After watching a few episodes of COPS it is obvious people have no clue how to conduct themselves when dealing with the police and only succeed in burying themselves in evidence by saying or doing things that are recorded by camera, microphone or both.

Is there a problem, Officer?


----------



## railroadron (Jul 3, 2012)

Fuck pigs! Never open the door for em period! Never! Make em Huff n puff and blow it down..Thats fuckin punk Rock!


----------



## Cardboard (Jul 3, 2012)

Industry grade ethanol with a few pounds of chili sitting in it filled into a refillable fire extinguisher and pressurized. (homemade pepper spray)
Keep it near the closest vent/window/hole in the wall to the door.


----------



## Gudj (Jul 3, 2012)

Cardboard said:


> Industry grade ethanol with a few pounds of chili sitting in it filled into a refillable fire extinguisher and pressurized. (homemade pepper spray)
> Keep it near the closest vent/window/hole in the wall to the door.


 
That's a dumb idea, unless you are trying to commit 'suicide by cop'.
If you are going to intentionally assault and enrage pigs for a reason other than immediate self-defense of yourself or a comrade, skip the pepper spray and get a gun.

Everyone is right though, don't open the door.
If you think for some reason it's a good idea to talk to them,_ *you're wrong*._
If you still think it's a good idea, lock up behind you and talk to them outside, don't leave the door open.

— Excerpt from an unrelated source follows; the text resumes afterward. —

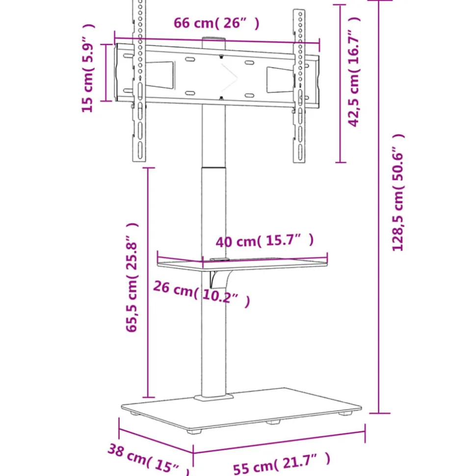 Ce meuble TV d’angle offre une solution pratique pour installer votre TV et ajouter un espace de rangement supplémentaire à votre pièce. Fonction de pivotement : ce support TV peut pivoter de 25° à gauche et à droite pour vous offrir un meilleur angle de vision.Grand espace de rangement : le meuble multimédia est conçu avec 2 étagères, ce qui offre un grand espace pour placer des DVD, des appareils multimédias et d’autres objets décoratifs dans la zone de charge.Peu encombrant : ce meuble TV de plancher est compact et ne prend pas beaucoup de place. Vous pouvez donc le placer dans le coin d’un petit salon, d’une chambre à coucher ou d’un bureau. De plus, il est doté d’un système de gestion des câbles qui permet de gagner de l’espace et de ranger les fils à l’arrière du meuble TV.Compatibilité VESA : ce meuble TV est compatible avec les formats VESA allant de 200 x 200 mm à 600 x 400 mm, tels que 600×400/400×400/400×300/400×200/200×400/300×300/300×200/200×200 mm. Bon à savoir :Assurez-vous que votre téléviseur possède quatre trous de fixation filetés à l’arrière de l’écran. Nous vous recommandons de mesurer l’espacement des trous VESA sur votre téléviseur avant l’achat pour garantir la compatibilité.Veillez à ce que la largeur de votre téléviseur corresponde au support TV et que la hauteur entre le support TV et la table en verre supérieure corresponde également à votre téléviseur.Nous fournissons différentes vis et entretoises pour s’adapter à votre téléviseur, mais elles peuvent ne pas fonctionner pour toutes les marques. Vous devrez peut-être utiliser les vis d’origine fournies avec votre téléviseur ou acheter des vis spéciales vous-même.Attention :Pour éviter qu’il ne bascule, ce produit doit être utilisé avec le dispositif de fixation murale fourni.

Watch this video, and spread it around a best you can:


----------



## Thoreau (Jul 3, 2012)

share the wealth!

well the following pdf is not much for squatting but for some other stuff you might be involved in also


----------



## Rotten Falafel (Jul 3, 2012)

mmmmmmmichael said:


> Not sure how it works where you are, but it is likely they will steal anything you give them. The way they see it is like this: "Well, he gave it to me...duh." Just like Mr. Rotten, I'm all for not opening the door, if they are gonna bust it down, they'll do that, but open a door and that is considered permission to enter. The way they see it is like this: "Well, he opened the door for me...duh."
> 
> After watching a few episodes of COPS it is obvious people have no clue how to conduct themselves when dealing with the police and only succeed in burying themselves in evidence by saying or doing things that are recorded by camera, microphone or both.
> 
> Is there a problem, Officer?



in the place i live it is posibile to just throw the id over the window to the cops and the most of the time they give it back.of course it also works to just give a copy from your id or if you have to give the original if you have a phone with video camera or something with wich you can make a video record you can record everything and if they will not give it back to you it is posibile to fuck them.they are not allowed to take your id.they have to give it back. of course before doing this you have to be sure that you have a good barricade that will last at least enough that you will have time to hide the the camera so the bastards will not be able to take the record from you.


----------



## Kim Chee (Jul 3, 2012)

Rotten Falafel said:


> in the place i live it is posibile to just throw the id over the window to the cops and the most of the time they give it back.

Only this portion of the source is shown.